▸ What is needed
As the answer, set down the lines below from the one containing "Vestido em tule" through the one containing "为营造积极健康的校园心理文化", exactly and inclusively, and no others.

⁂

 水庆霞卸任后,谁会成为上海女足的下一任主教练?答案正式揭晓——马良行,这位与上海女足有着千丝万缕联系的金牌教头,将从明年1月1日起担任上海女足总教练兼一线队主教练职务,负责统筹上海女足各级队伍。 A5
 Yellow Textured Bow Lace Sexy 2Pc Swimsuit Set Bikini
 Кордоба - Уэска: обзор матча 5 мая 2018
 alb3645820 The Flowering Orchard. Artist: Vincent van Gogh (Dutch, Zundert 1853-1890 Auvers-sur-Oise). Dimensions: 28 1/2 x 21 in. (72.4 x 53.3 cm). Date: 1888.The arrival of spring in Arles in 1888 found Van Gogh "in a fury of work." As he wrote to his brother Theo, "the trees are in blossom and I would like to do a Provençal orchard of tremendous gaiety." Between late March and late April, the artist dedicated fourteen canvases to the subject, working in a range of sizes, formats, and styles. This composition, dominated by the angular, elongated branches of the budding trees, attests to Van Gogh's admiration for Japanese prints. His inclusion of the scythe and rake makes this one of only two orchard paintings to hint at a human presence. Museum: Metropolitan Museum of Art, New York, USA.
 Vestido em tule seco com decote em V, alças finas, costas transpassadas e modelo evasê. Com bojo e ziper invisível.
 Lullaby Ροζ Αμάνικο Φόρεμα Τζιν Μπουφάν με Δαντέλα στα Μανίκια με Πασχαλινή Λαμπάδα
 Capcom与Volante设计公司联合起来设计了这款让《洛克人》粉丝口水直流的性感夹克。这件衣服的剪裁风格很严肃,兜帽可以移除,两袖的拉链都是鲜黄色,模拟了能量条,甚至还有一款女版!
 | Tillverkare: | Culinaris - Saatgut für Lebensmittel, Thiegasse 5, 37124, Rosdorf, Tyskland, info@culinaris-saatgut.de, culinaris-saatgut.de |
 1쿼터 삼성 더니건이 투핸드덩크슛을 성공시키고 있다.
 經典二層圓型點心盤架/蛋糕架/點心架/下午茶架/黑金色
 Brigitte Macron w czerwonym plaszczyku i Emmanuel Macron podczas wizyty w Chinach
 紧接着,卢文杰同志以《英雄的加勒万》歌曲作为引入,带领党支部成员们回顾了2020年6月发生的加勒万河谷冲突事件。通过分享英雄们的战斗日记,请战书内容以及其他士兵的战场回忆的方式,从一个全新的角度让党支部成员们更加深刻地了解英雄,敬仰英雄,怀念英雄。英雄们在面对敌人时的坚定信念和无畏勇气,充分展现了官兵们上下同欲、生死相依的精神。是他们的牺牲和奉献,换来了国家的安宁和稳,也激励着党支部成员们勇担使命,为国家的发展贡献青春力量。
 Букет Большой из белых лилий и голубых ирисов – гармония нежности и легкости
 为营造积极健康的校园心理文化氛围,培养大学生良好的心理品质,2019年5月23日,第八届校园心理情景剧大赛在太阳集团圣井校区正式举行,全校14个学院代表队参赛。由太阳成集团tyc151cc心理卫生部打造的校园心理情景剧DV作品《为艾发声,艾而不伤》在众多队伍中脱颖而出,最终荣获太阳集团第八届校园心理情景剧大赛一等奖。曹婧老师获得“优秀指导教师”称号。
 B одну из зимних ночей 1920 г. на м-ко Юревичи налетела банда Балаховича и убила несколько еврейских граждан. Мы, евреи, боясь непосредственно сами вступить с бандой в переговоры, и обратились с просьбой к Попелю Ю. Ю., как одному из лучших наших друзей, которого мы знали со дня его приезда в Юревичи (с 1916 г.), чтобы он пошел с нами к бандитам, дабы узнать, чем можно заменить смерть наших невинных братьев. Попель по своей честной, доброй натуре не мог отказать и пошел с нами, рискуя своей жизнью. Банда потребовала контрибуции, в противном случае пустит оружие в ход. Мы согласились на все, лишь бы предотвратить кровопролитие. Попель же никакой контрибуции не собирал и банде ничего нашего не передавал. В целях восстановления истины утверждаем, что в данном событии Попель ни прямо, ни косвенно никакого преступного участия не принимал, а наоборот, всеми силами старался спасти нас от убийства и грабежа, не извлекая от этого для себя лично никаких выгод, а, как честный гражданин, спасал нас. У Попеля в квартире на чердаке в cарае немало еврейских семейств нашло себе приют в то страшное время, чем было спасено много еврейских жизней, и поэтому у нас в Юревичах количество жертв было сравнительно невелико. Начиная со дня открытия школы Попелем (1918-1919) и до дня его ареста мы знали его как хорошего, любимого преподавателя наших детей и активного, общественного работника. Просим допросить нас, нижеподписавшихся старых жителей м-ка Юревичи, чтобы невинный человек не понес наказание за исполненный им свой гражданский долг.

⁂

▸ Solution for this task
 Vestido em tule seco com decote em V, alças finas, costas transpassadas e modelo evasê. Com bojo e ziper invisível.
 Lullaby Ροζ Αμάνικο Φόρεμα Τζιν Μπουφάν με Δαντέλα στα Μανίκια με Πασχαλινή Λαμπάδα
 Capcom与Volante设计公司联合起来设计了这款让《洛克人》粉丝口水直流的性感夹克。这件衣服的剪裁风格很严肃,兜帽可以移除,两袖的拉链都是鲜黄色,模拟了能量条,甚至还有一款女版!
 | Tillverkare: | Culinaris - Saatgut für Lebensmittel, Thiegasse 5, 37124, Rosdorf, Tyskland, info@culinaris-saatgut.de, culinaris-saatgut.de |
 1쿼터 삼성 더니건이 투핸드덩크슛을 성공시키고 있다.
 經典二層圓型點心盤架/蛋糕架/點心架/下午茶架/黑金色
 Brigitte Macron w czerwonym plaszczyku i Emmanuel Macron podczas wizyty w Chinach
 紧接着,卢文杰同志以《英雄的加勒万》歌曲作为引入,带领党支部成员们回顾了2020年6月发生的加勒万河谷冲突事件。通过分享英雄们的战斗日记,请战书内容以及其他士兵的战场回忆的方式,从一个全新的角度让党支部成员们更加深刻地了解英雄,敬仰英雄,怀念英雄。英雄们在面对敌人时的坚定信念和无畏勇气,充分展现了官兵们上下同欲、生死相依的精神。是他们的牺牲和奉献,换来了国家的安宁和稳,也激励着党支部成员们勇担使命,为国家的发展贡献青春力量。
 Букет Большой из белых лилий и голубых ирисов – гармония нежности и легкости
 为营造积极健康的校园心理文化氛围,培养大学生良好的心理品质,2019年5月23日,第八届校园心理情景剧大赛在太阳集团圣井校区正式举行,全校14个学院代表队参赛。由太阳成集团tyc151cc心理卫生部打造的校园心理情景剧DV作品《为艾发声,艾而不伤》在众多队伍中脱颖而出,最终荣获太阳集团第八届校园心理情景剧大赛一等奖。曹婧老师获得“优秀指导教师”称号。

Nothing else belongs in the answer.